EXERCISE BRIEF: Leaving pictures aside, restate exactly the lines of the data below, from the first one through the line that contains "Досягнення наших здобувачів".

PROVIDED MATERIAL:
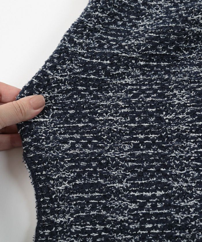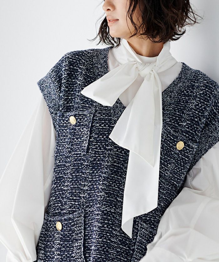 ベーシックなシルエットをツイードニットにした大人ベスト。
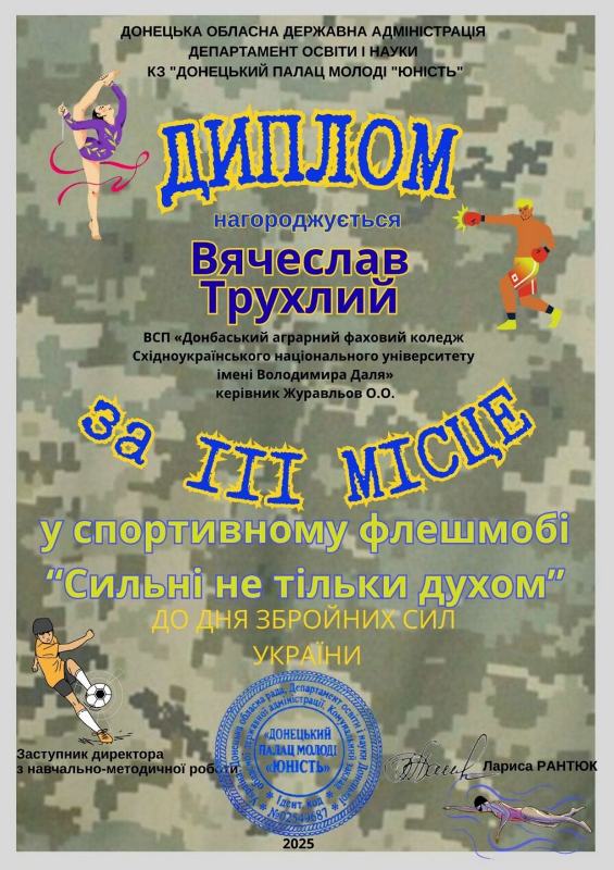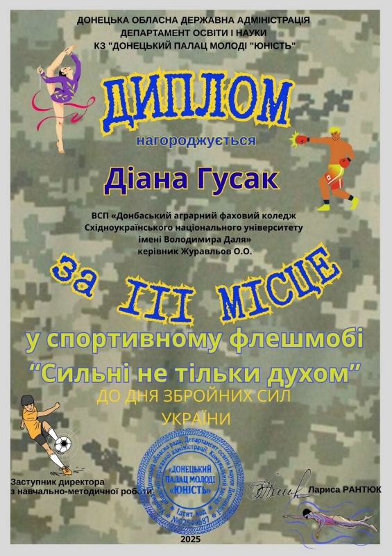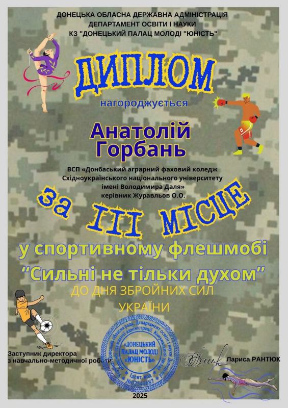 Досягнення наших здобувачів освіти ще раз підтверджують, що студентська молодь Донбаського аграрного фахового коледжу є активною, цілеспрямованою та фізично підготовленою.
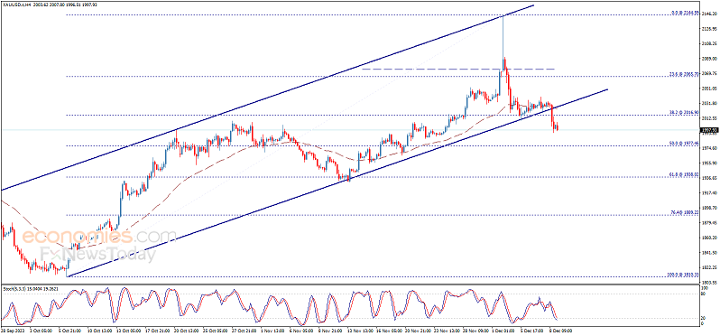 从4小时图来看,金价上一交易日收于看涨通道支撑线下方,从而确认跌破这一水平。金价开始针对始于1810.33美元/盎司区域升势的看空调整走势,有望测试下一回调目标1977.46美元/盎司。假如金价跌破这一水平,这将推动金价跌至下一看空目标1938.00美元/盎司区域。
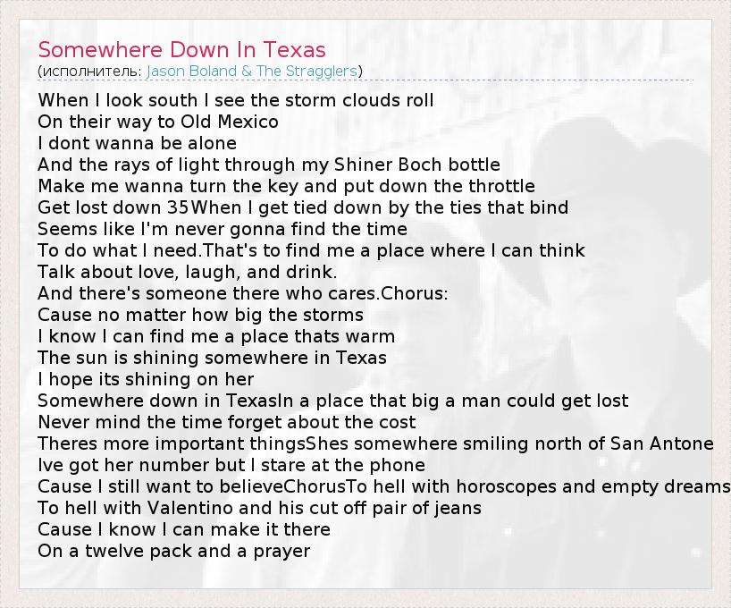А как ты думаешь, о чем песня "Somewhere Down In Texas" ?

SOLUTION BELOW:
 ベーシックなシルエットをツイードニットにした大人ベスト。
 Досягнення наших здобувачів освіти ще раз підтверджують, що студентська молодь Донбаського аграрного фахового коледжу є активною, цілеспрямованою та фізично підготовленою.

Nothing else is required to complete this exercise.